Fiction - paperback; Sceptre; 544 pages; 2005.
Out of all the recommendations I have received from fellow book bloggers over the past few years, David Mitchell's Cloud Atlas gets mentioned more than any other book. It has been lauded by so many people I was almost too scared to read it, which is why it languished in my ever-growing to-be-read pile for more than three years.
At one point I considered discussing it as part of Reading Matters Online Book Group and put it up for vote in February 2006. It lost out to Orhan Pamuk's Snow and it went back onto my pile of unread books once again.
When I finally worked up the courage to read it some 18 months later, I have to be brutally honest and say I could not work out what all the fuss was about.
For those of you who haven't read Cloud Atlas, it's essentially six novellas following the lives of six characters (all vaguely related or linked to one another in some way) and moves forward in time so that pretty much the whole scope of human history is covered, from the 19th century to some post-apocalyptic future we are yet to reach. It then works backwards, so that you reach the end via all the previous stories so you end up with 12 chapters all told. These stories are as follows:
The Pacific Journal of Adam Ewing -- a 19th century seafaring novella very much in the vein of Matthew Kneale's English Passengers and Richard Flanagan's Gould's Book of Fish, right down to the use of ampersands throughout.
Letters from Zedelghem -- set in the 1930s, this tells the story of an English con artist who moves to Belgium and ingratiates himself with a reclusive composer and his family. It reads like a pre-war novel and has some raunchy romance thrown in for good measure.
Half-Lives: The First Luisa Rey Mystery -- a fast-moving industrial espionage type thriller set in 1970s America, it reminded me a little of John Grisham's The Firm.
The Ghastly Ordeal of Timothy Cavendish -- set in England in the late 20th century, it throws a nod to P.G. Wodehouse, as it is essentially a comedy of manners in which a 60-something editor gets mistakenly locked up in an old people's home from which he cannot escape.

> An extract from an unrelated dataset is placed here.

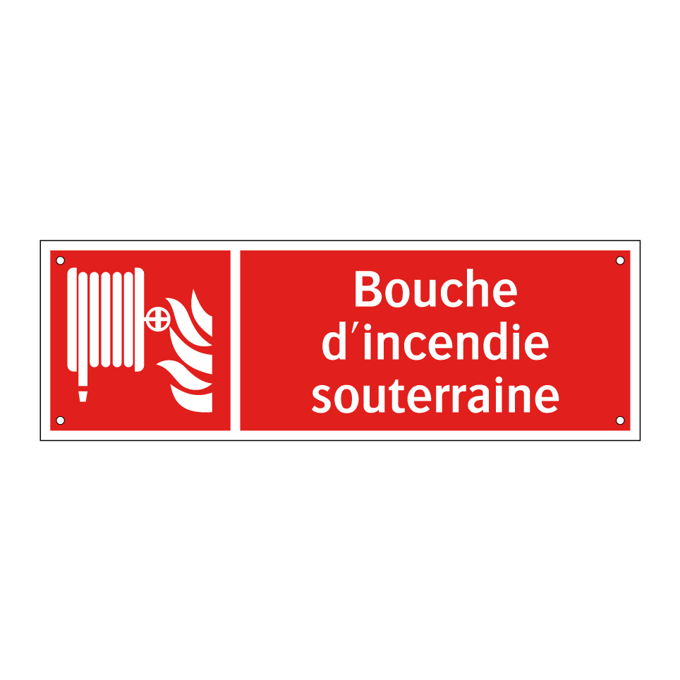 Panneau incendie avec le texte Bouche d'incendie souterraine et une symbolique claire

An Orison of Sonmi -- an eerie science fiction thriller about clones, I found this bit the most intriguing (and moving) story in the entire novel, reminding me a little of Kazuo Ishiguro's Never Let Me Go.

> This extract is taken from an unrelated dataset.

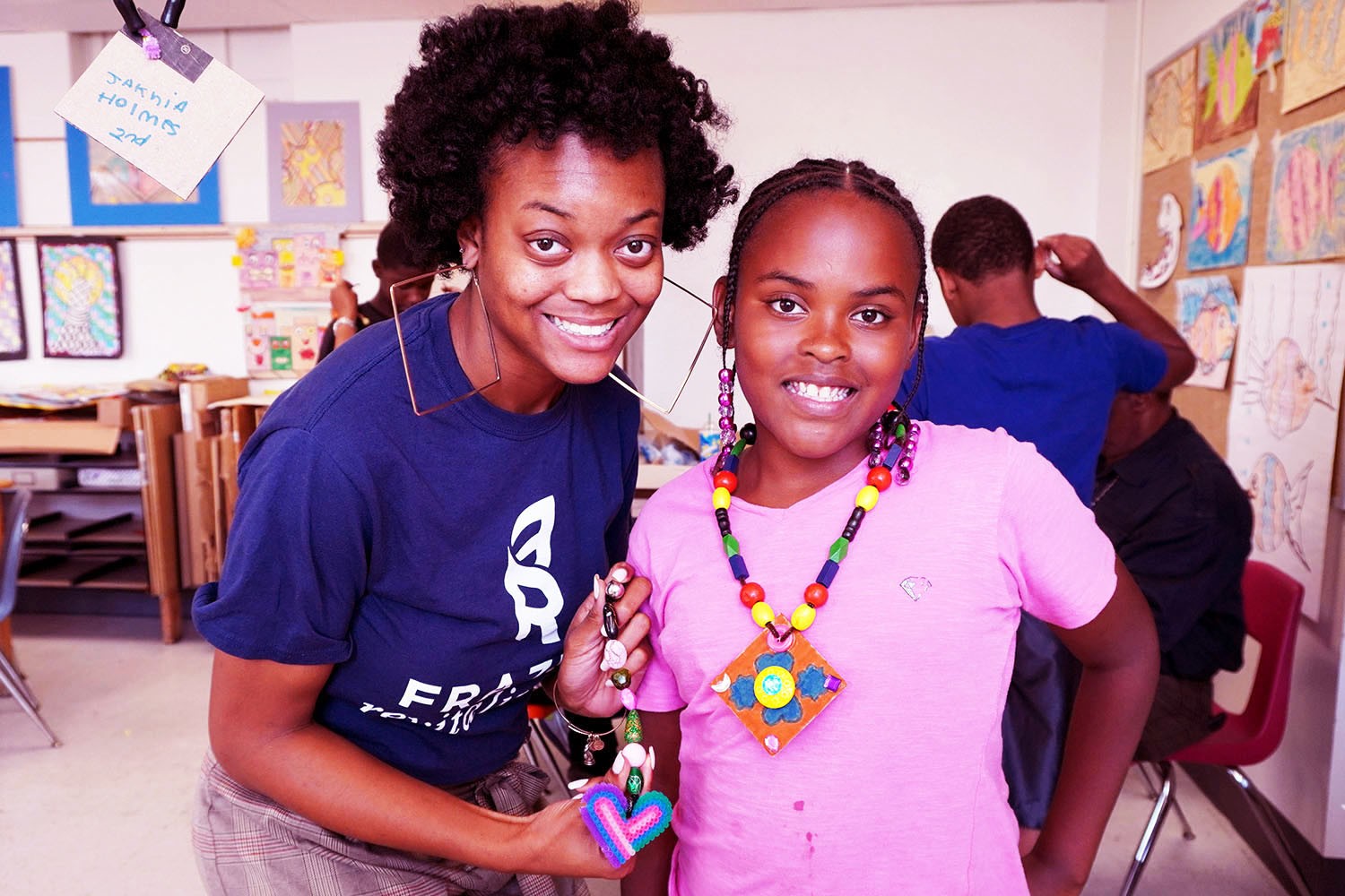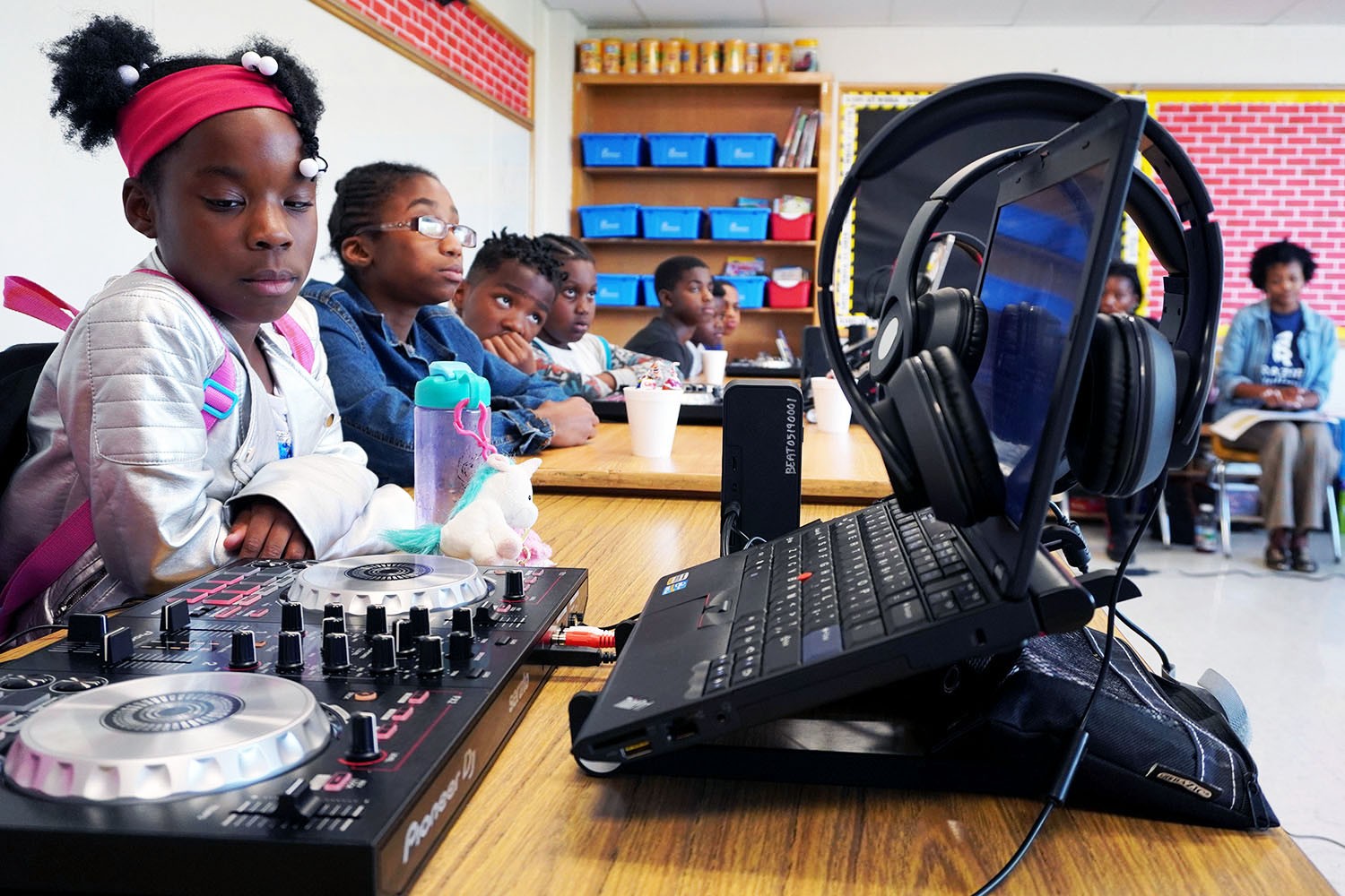 During music class, the second- and third-grade students beat buckets with drum-sticks to the rhythm of the Cha-Cha Slide. And the fourth- and fifth-graders made their own jewelry with beads during an “Art That You Wear” workshop.

Sloosha's Crossin' an' Ev'rythin' After -- this is set in the future after the science and technology is long gone, leaving behind a world in which even the language is corrupted and humankind must eke out a very primitive existence.
By its very nature, the diverse range of genres presented here means that the reader will find some chapters more enjoyable than others. I definitely preferred the two thrillers -- the espionage one and the science fiction one -- which is generally indicative of my reading tastes, while I thoroughly struggled with the futuristic one written in a kind of pidgin English that bored me and confused me in equal measure. And that, I guess, is my major gripe with this novel. It works in parts but not as a whole.

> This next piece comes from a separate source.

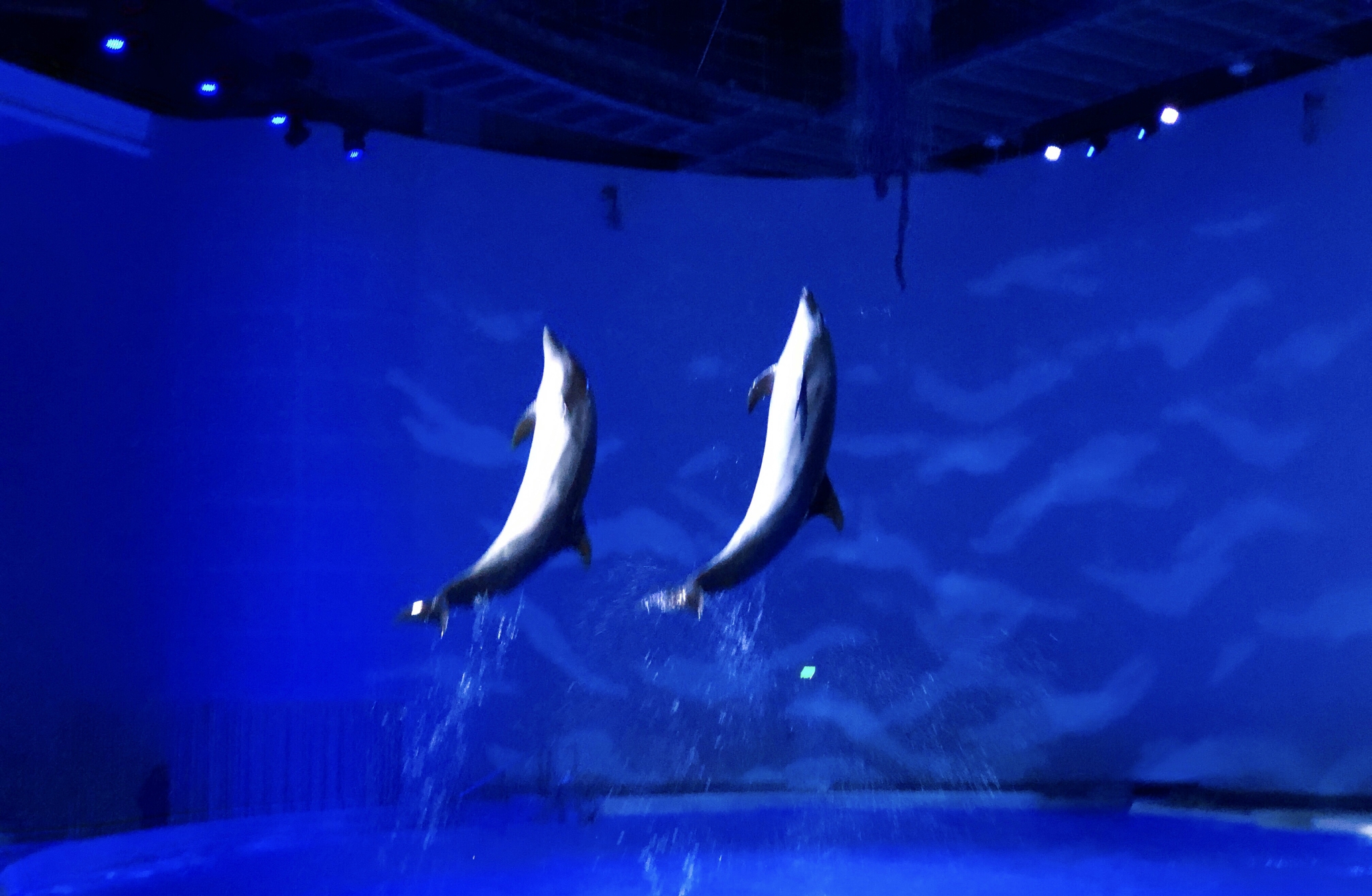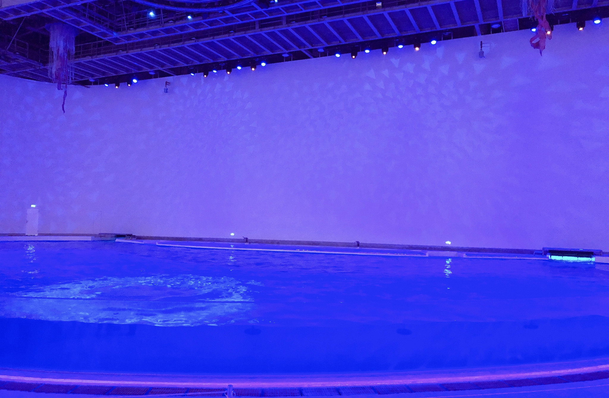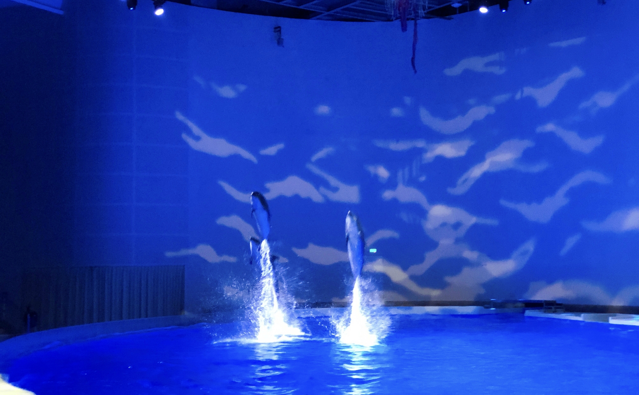 上海海昌动物园的海豚剧场位于景区的背面,紧邻火山鲸鲨馆,每天有3场海豚的表演,入园的时候需要关注海豚剧场的表演时间,建议在表演前20分钟左右进入场馆,这样才能找到一个比较好的位置。观众席分普通观众和VIP观众,VIP是需要额外付费的,观赏的角度比较好,而且和海豚互动,也是会邀请VIP座位的观众。在海豚表演之前,首先会有两位小丑演员进行表演,和观众互动,活跃下气氛。表演开始后,会有4条海豚进行表演,包括跳跃、发声、旋转、顶着驯养员前行、上岸等,在表演的时候,空中的水幕也会降水,时而出现爱心的形状,时而出现海豚的形状,让观众大呼过瘾;和观众互动环节的时候,被选中的观众需要拿去身上的首饰,以免掉入水中,万一海豚吞下去,对他们会造成严重的伤害,上台前还需要穿上防滑鞋,和海豚互动,主要是和海豚牵手和海豚亲吻,海豚表演大约为20分钟,时间还是挺长的,让观众大饱眼福。

I was left with the impression that Cloud Atlas is a writer's book, not a reader's one, because it felt like a succession of literary stunts -- for the sake of it. If Mitchell was a pastry chef, I imagine he wouldn't be happy just creating the dessert: he'd want to create Michelen-star four-course meals as well, if only to prove he could do it.
Not that there is any doubt that Mitchell can write -- the six interlinked stories here are quite extraordinary examples of his ability to switch genres and time periods with relative ease. However,in my opinion, it felt like he was showing off. As much as I pride myself on seeking out different genres to read and trying books set in vastly different times and places, I don't necessarily want to experience these all in the one novel. If I want to read a seafaring story, I'll read one. Ditto for a thriller.
I devoted two days to Cloud Atlas while on a recent holiday in the sun, time that I will never get back. Before you all jump up and down and leave me abusive comments, I'm not saying that I completely hated the book. I simply found it hard work, and perhaps it was not best suited for a lazy beach read, something to bear in mind if you're considering packing it in your suitcase any time soon. A worthy read, yes, an enjoyable one, so-so. And while Mitchell fans may disagree, I'd prefer Black Swan Green over this any day.